A direção de prova não interveio, pois, ao observar de longe, concluíram erroneamente que David era o piloto acidentado. A presença dele, pulando e tentando socorrer o carro, fez com que acreditassem que estava tudo sob controle.
Consequências: Após este triste evento, a Fórmula 1 começou a exigir uma preparação mais rígida e eficaz para os fiscais e passou a contratar mais funcionários da área, visando assim cobrir uma área maior do circuito.

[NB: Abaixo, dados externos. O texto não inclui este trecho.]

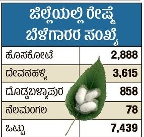 ಕೆಲ ವರ್ಷದಿಂದ ಮಾರುಕಟ್ಟೆಯಲ್ಲಿ ರೇಷ್ಮೆಗೂಡಿಗೆ ಉತ್ತಮ ಬೆಲೆ ಬಂದಿದೆ. ಹೀಗಾಗಿ ಜಿಲ್ಲೆಯ ರೈತರು ರೇಷ್ಮೆ ಸಾಕಾಣಿಕೆಯಲ್ಲಿ ಒಲವು ತೋರಿದ್ದಾರೆ. ಕಳೆದ ವರ್ಷ ಬೆಂಗಳೂರು ಗ್ರಾಮಾಂತರ ಜಿಲ್ಲೆಯಲ್ಲಿ 5070 ಹೆಕ್ಟೇರ್ ಪ್ರದೇಶ ಹಿಪ್ಪುನೇರಳೆ ಸೊಪ್ಪಿನ ತೋಟದ ಪ್ರದೇಶ ಇದ್ದರೆ ಪ್ರಸ್ತುತ ವರ್ಷ 131 ಹೆಕ್ಟೇರ್ ವಿಸ್ತರಣೆಗೊಂಡು 5201 ಹೆಕ್ಟೇರ್ ಪ್ರದೇಶ ಹೊಂದಿದೆ.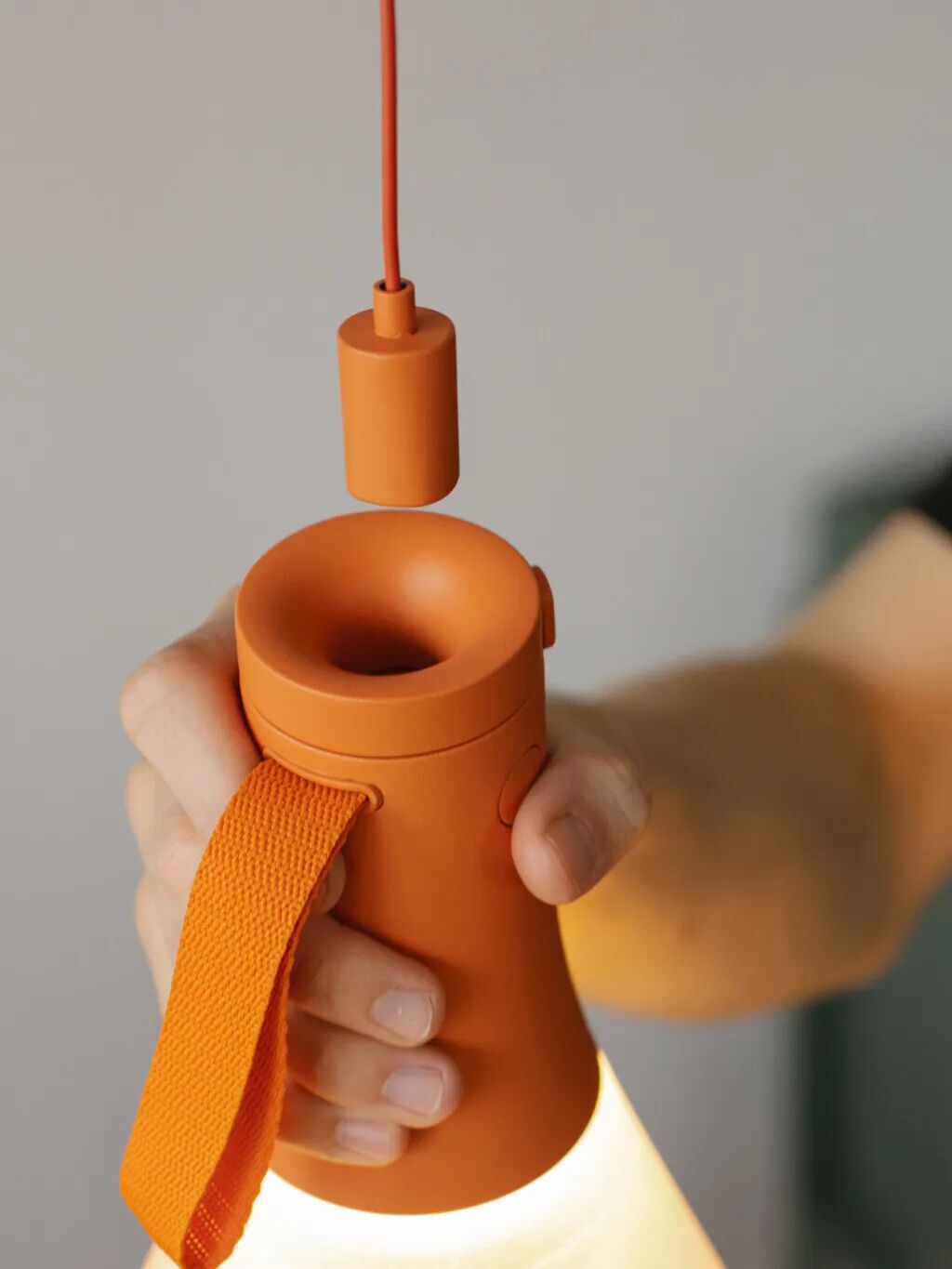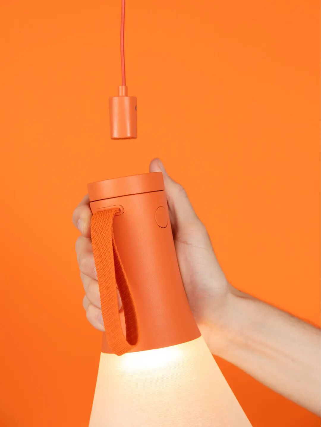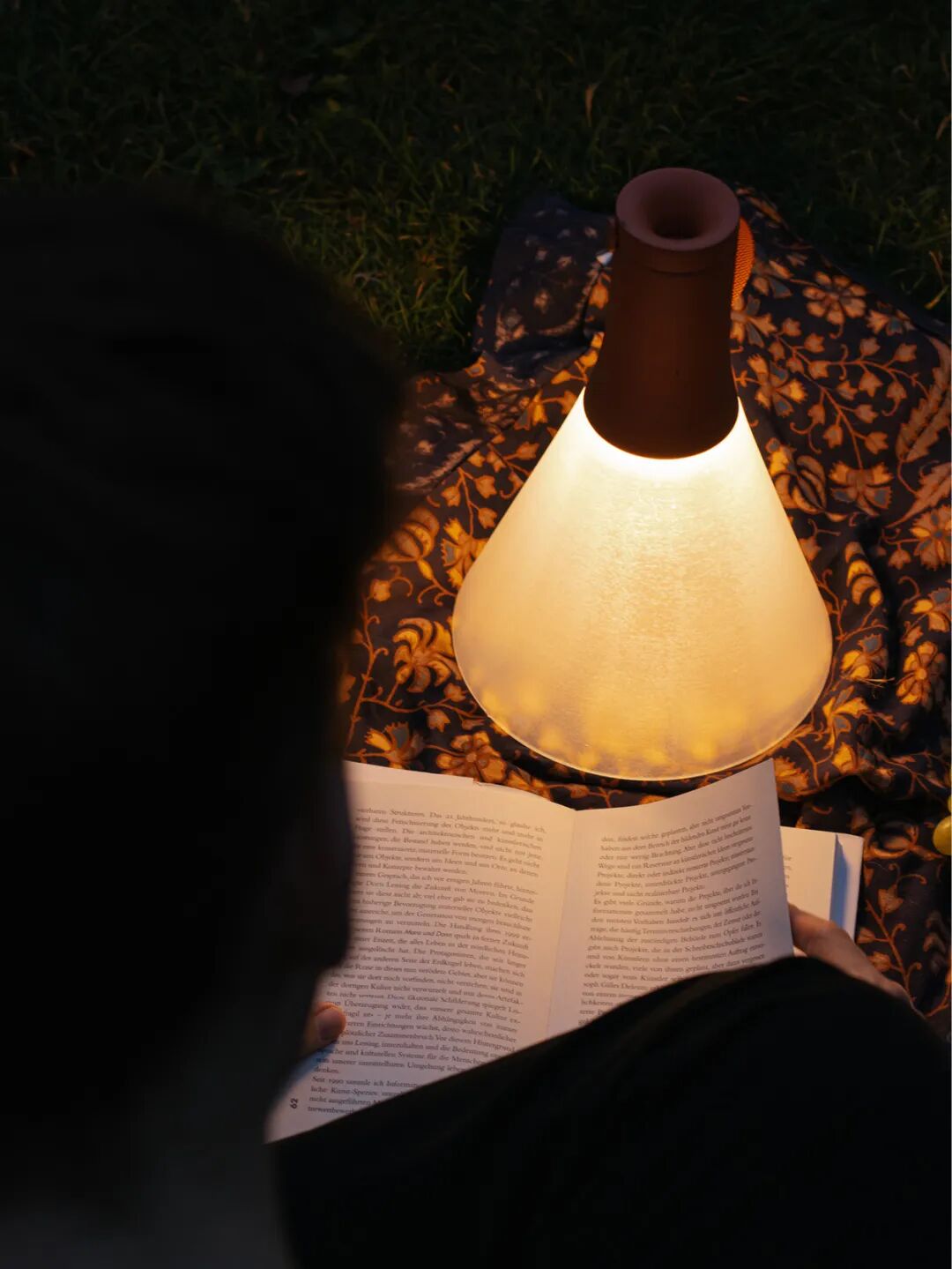 将灯具卡入吊装插头时,它会轻轻闪烁以指示正在充电,磁性矩阵可确保正确牢固的定位。只需轻轻转动锁环,磁扣就会再次打开,Vespertine 成为白天以外活动的便携式光源,营造室内外的照明氛围。

Niki Lauda (Nürburgring, 1976)
Por último, o mais famoso caso nessa lista e o único que não terminou em morte para o piloto envolvido, mas poderia ter tido um fim bem mais trágico.
– Acidente de Niki Lauda completa 45 anos; relembre
Assim como nos casos citados anteriormente, Niki Lauda bateu com seu carro e ele explodiu em chamas. No entanto, o “diferencial” por aqui foi o fato do piloto ter perdido seu capacete durante o impacto.
Em meio a uma bola de fogo de quase 800 graus, Lauda tinha apenas o tecido da balaclava separando seu rosto das chamas. O resgate, iniciado por Arturo Merzario, um piloto italiano que vinha logo atrás, foi realizado rapidamente, retirando Lauda do carro enquanto lutavam para evitar o pior cenário possível.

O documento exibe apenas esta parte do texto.